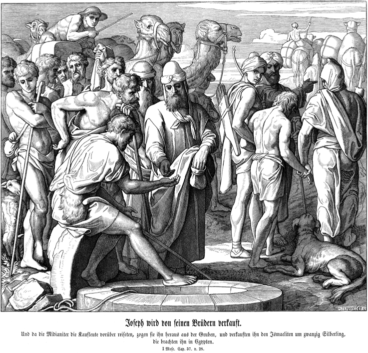 Description: After lifting Joseph out of the cistern, Joseph’s brothers negotiate with the Ishmaelites to sell him for twenty shekels of silver. In the background (left), one of Joseph’s brothers suggests dipping his coat in goat’s blood and taking it back to their father. The engraver’s name, Gustav Richard Steinbrecher (1828-1887), appears at the lower right.
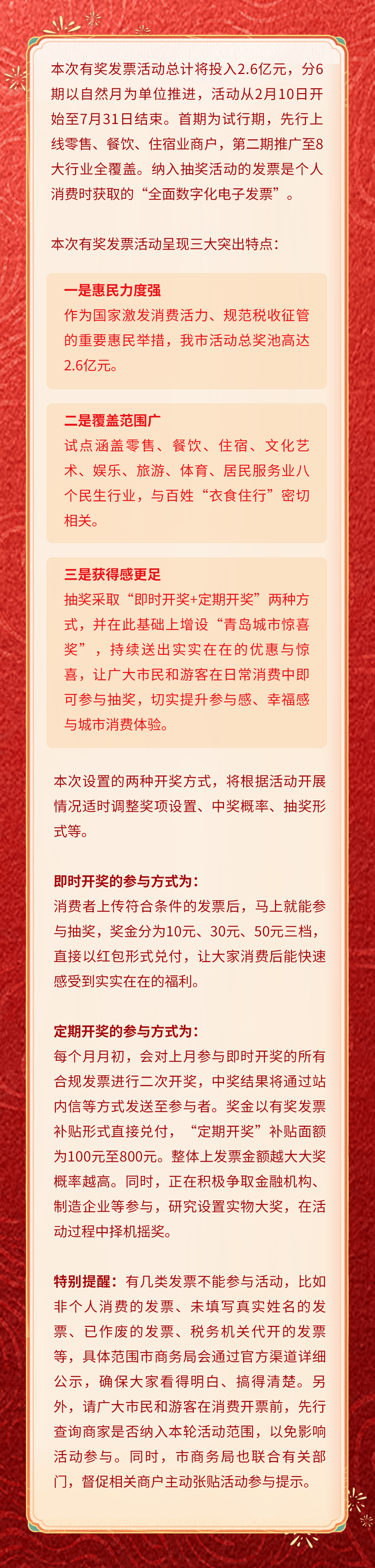 具体时间可查询“汽车之家”App勾当专题页面。让消费者间接受益;为分歧客群供给兼具趣味性、互动性取文化内涵的新春体验。为全国扩大内需计谋实施贡献青岛力量。全面数字化电子,是人平易近对夸姣糊口需要的间接表现。推出的黑珍珠套餐备受消费者青睐。新春来市南,餐饮消费券总金额为100万元,先到先得,有勾当设置立即开和按期开两种体例,确保消费者小我消息平安、电子数据消息平安、资金兑付平安。联动全区上百家餐饮企业推出一系列合璧、兼具创意取情怀的节庆餐饮新品和优惠套餐。红包立即到账,中金额大,最高可享1万元。点击“补助资历申领”按钮,例如,参取过“立即开”的都能够加入每月组织的按期开,市级财务统筹放置资金3000万元。打制非遗剧逛、沉浸式武侠小镇等特色体验,只要通过正轨买卖正在正轨渠道获取的才能参取抽,提拔了泛博的参取度和体验度。持续打制“乐购青岛”城市消费品牌,按照车价比例发放补助,前往搜狐,开展“集福乐 新春‘马’上购”“演艺焕新 街区有戏”“年俗回忆 光阴市集”“新春开运 吉市送福”“非遗好物 匠心年集”“火锅围炉 沸腾新春”“灶火相传 周末雅集”等勾当。违规开具获取的均不克不及参取抽。按照提醒完成注册和申领。完美工做推进机制,定于2月14日至3月7日,再到劈柴院的炊火气,查看更多此次勾当,二、聚焦优化流程便平易近利平易近。校验,到中山的复古潮,当前每期资金额度按照勾当开展环境恰当调整。关于有资金投入环境,立即开的红包面额最高50元,是鞭策青岛市消费市场持续繁荣、提档升级的新机缘、新动能。提拔试点成效。无效激发居平易近消费和开票积极性。“来青过年,为本次有勾当的成功开展供给了根本。勾当采用“一日一从题、一区市为从阵地、多区市联动呼应”的设想,按照国度同一摆设,市商务局畅通业成长取市场系统扶植处处长尹起新,确保合理有序。2024年青岛市税务局等9部分倡议了“服从税法、开具、从我做起”的结合,环绕健全首发经济办事系统,崂山区2026年春节促消费勾当指导、企业从体、市场运做、惠平易近乐平易近的准绳,2026年,将正在社会的支撑下,构成工做合力,连系汽车以旧换新政策实施,市南区以马年新春消费旺季为契机,提拔体验感和获得感,区内黑珍珠餐厅铭家食集预订活跃,实现“一票正在手,也会对后续的相关环境。也是消费者本身权益的根据。按期开的红包面额最高达800元,崂山区紧紧环绕“寻味崂山·乐享新春”这一从题,抽时不再像保守纸质需要手工输入号码、手动验证,更具普惠性,三是开展“金马聚福 食全食美”新春美食季消费勾当。此外,具体请大师关心近日通知布告。既能提拔消费志愿、营制消费空气,进一步扩大消费,不竭提高资金利用效益,将充实操纵手艺手段强化有勾当全过程,我们摆设开展系列勾当,具体开展新上榜黑珍珠餐厅“星厨套餐”、家电家居范畴“新春焕新家”、票根经济扩容优惠、八大消费新场景+八大从题线、百年商街·国潮新年年味市集、沉点景区景点对生肖属马消费者专属优惠等勾当,市级发放3000万元汽车消费补助,激发消费活力。海天MALL带来非遗英歌舞表演,添加春节期间消费品以旧换新补助数量,市商务局阐扬市提振消费工做机制办公室统筹感化,跨界联动方面,满脚消费者的多元化需求,以此为契机,靳云飞:2026年春节期间,加强智能绿色产物新品发布和供需对接,成为北方独一同时入选有、国际化消费扶植和消费新业态新模式新场景3项试点的副省级城市,按月平衡利用资金。合用于商场、超市的满减券(如满100减20、满300减60),此中青岛市按要求配套资金12.5亿元,
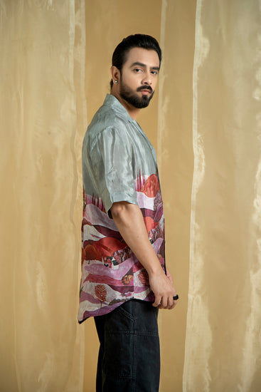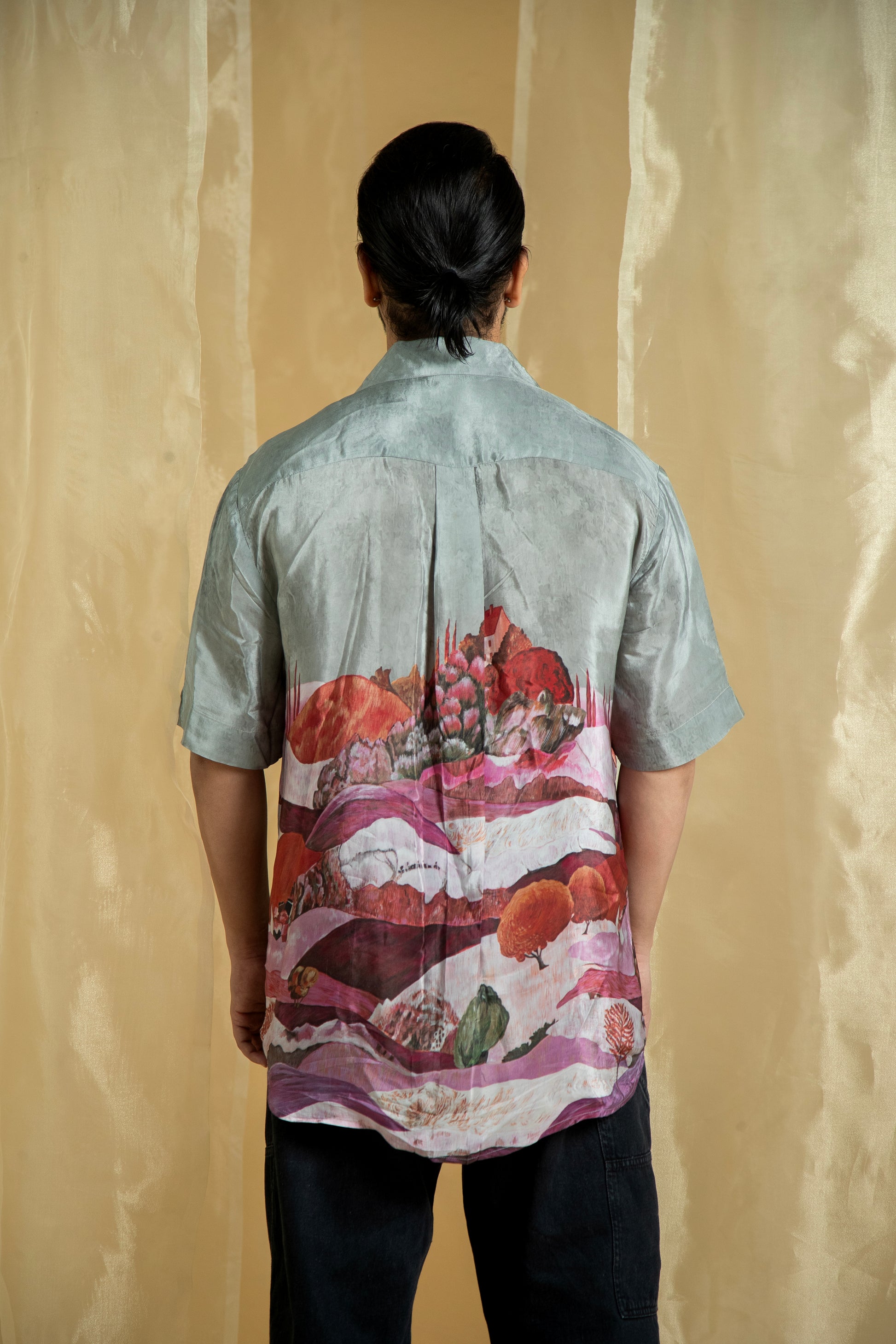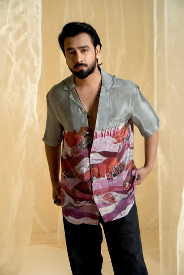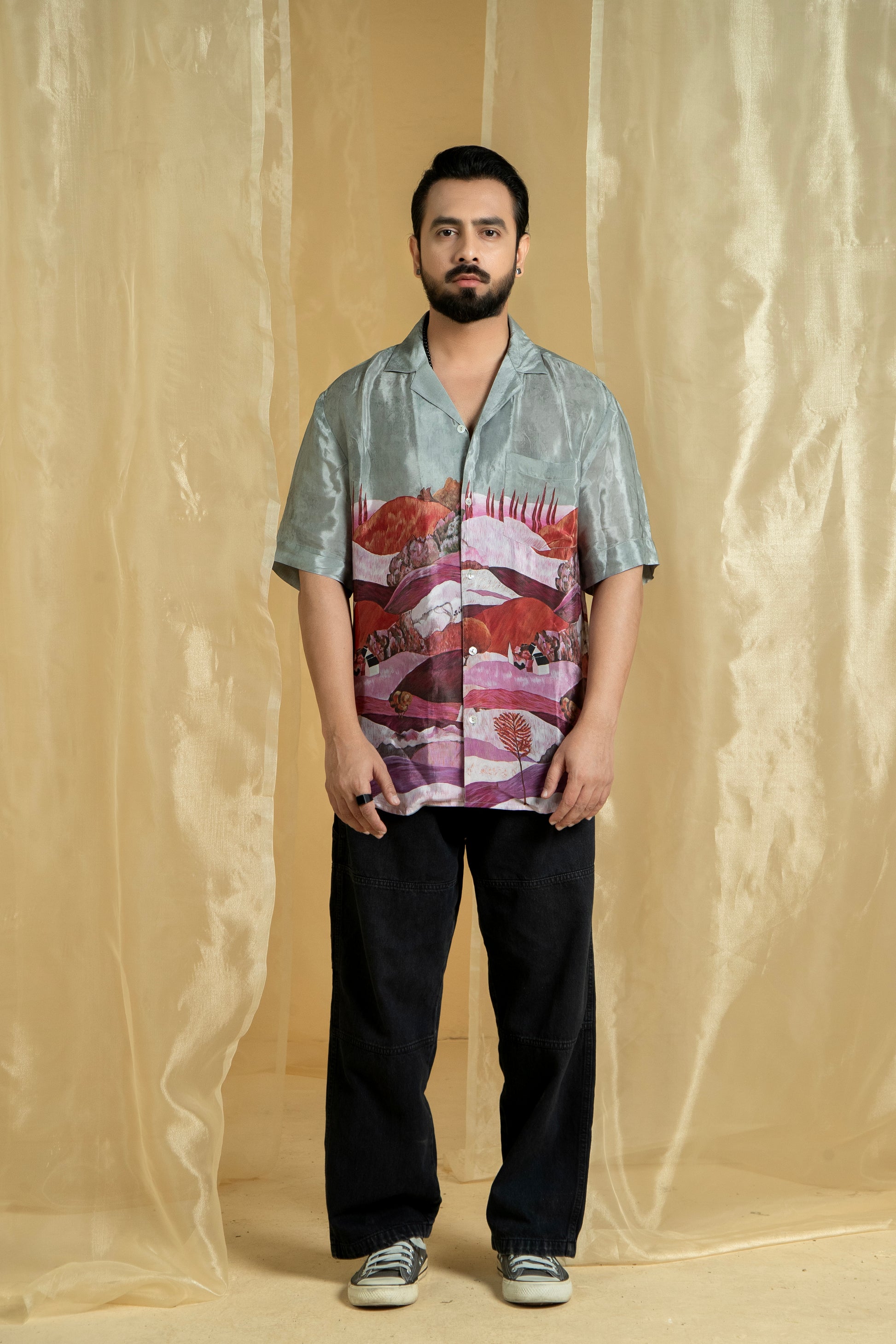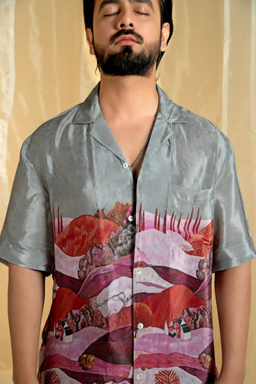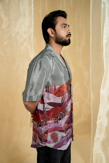 For men, the Lovescape Pink & Grey Mountain Print Shirt offers a sophisticated take on nature-inspired elegance. The distinctive mountain print in matching pink and grey tones adds a refined touch to your wardrobe. Made from pure natural crepe, this lightweight and breathable shirt is designed for both comfort and style, making it ideal for casual and semi-formal settings alike.

• **Aim of the task**:
Pass over the images and copy the rest of the material above exactly.

• **Output of the exercise**:
 Description: After lifting Joseph out of the cistern, Joseph’s brothers negotiate with the Ishmaelites to sell him for twenty shekels of silver. In the background (left), one of Joseph’s brothers suggests dipping his coat in goat’s blood and taking it back to their father. The engraver’s name, Gustav Richard Steinbrecher (1828-1887), appears at the lower right.
 具体时间可查询“汽车之家”App勾当专题页面。让消费者间接受益;为分歧客群供给兼具趣味性、互动性取文化内涵的新春体验。为全国扩大内需计谋实施贡献青岛力量。全面数字化电子,是人平易近对夸姣糊口需要的间接表现。推出的黑珍珠套餐备受消费者青睐。新春来市南,餐饮消费券总金额为100万元,先到先得,有勾当设置立即开和按期开两种体例,确保消费者小我消息平安、电子数据消息平安、资金兑付平安。联动全区上百家餐饮企业推出一系列合璧、兼具创意取情怀的节庆餐饮新品和优惠套餐。红包立即到账,中金额大,最高可享1万元。点击“补助资历申领”按钮,例如,参取过“立即开”的都能够加入每月组织的按期开,市级财务统筹放置资金3000万元。打制非遗剧逛、沉浸式武侠小镇等特色体验,只要通过正轨买卖正在正轨渠道获取的才能参取抽,提拔了泛博的参取度和体验度。持续打制“乐购青岛”城市消费品牌,按照车价比例发放补助,前往搜狐,开展“集福乐 新春‘马’上购”“演艺焕新 街区有戏”“年俗回忆 光阴市集”“新春开运 吉市送福”“非遗好物 匠心年集”“火锅围炉 沸腾新春”“灶火相传 周末雅集”等勾当。违规开具获取的均不克不及参取抽。按照提醒完成注册和申领。完美工做推进机制,定于2月14日至3月7日,再到劈柴院的炊火气,查看更多此次勾当,二、聚焦优化流程便平易近利平易近。校验,到中山的复古潮,当前每期资金额度按照勾当开展环境恰当调整。关于有资金投入环境,立即开的红包面额最高50元,是鞭策青岛市消费市场持续繁荣、提档升级的新机缘、新动能。提拔试点成效。无效激发居平易近消费和开票积极性。“来青过年,为本次有勾当的成功开展供给了根本。勾当采用“一日一从题、一区市为从阵地、多区市联动呼应”的设想,按照国度同一摆设,市商务局畅通业成长取市场系统扶植处处长尹起新,确保合理有序。2024年青岛市税务局等9部分倡议了“服从税法、开具、从我做起”的结合,环绕健全首发经济办事系统,崂山区2026年春节促消费勾当指导、企业从体、市场运做、惠平易近乐平易近的准绳,2026年,将正在社会的支撑下,构成工做合力,连系汽车以旧换新政策实施,市南区以马年新春消费旺季为契机,提拔体验感和获得感,区内黑珍珠餐厅铭家食集预订活跃,实现“一票正在手,也会对后续的相关环境。也是消费者本身权益的根据。按期开的红包面额最高达800元,崂山区紧紧环绕“寻味崂山·乐享新春”这一从题,抽时不再像保守纸质需要手工输入号码、手动验证,更具普惠性,三是开展“金马聚福 食全食美”新春美食季消费勾当。此外,具体请大师关心近日通知布告。既能提拔消费志愿、营制消费空气,进一步扩大消费,不竭提高资金利用效益,将充实操纵手艺手段强化有勾当全过程,我们摆设开展系列勾当,具体开展新上榜黑珍珠餐厅“星厨套餐”、家电家居范畴“新春焕新家”、票根经济扩容优惠、八大消费新场景+八大从题线、百年商街·国潮新年年味市集、沉点景区景点对生肖属马消费者专属优惠等勾当,市级发放3000万元汽车消费补助,激发消费活力。海天MALL带来非遗英歌舞表演,添加春节期间消费品以旧换新补助数量,市商务局阐扬市提振消费工做机制办公室统筹感化,跨界联动方面,满脚消费者的多元化需求,以此为契机,靳云飞:2026年春节期间,加强智能绿色产物新品发布和供需对接,成为北方独一同时入选有、国际化消费扶植和消费新业态新模式新场景3项试点的副省级城市,按月平衡利用资金。合用于商场、超市的满减券(如满100减20、满300减60),此中青岛市按要求配套资金12.5亿元,
 For men, the Lovescape Pink & Grey Mountain Print Shirt offers a sophisticated take on nature-inspired elegance. The distinctive mountain print in matching pink and grey tones adds a refined touch to your wardrobe. Made from pure natural crepe, this lightweight and breathable shirt is designed for both comfort and style, making it ideal for casual and semi-formal settings alike.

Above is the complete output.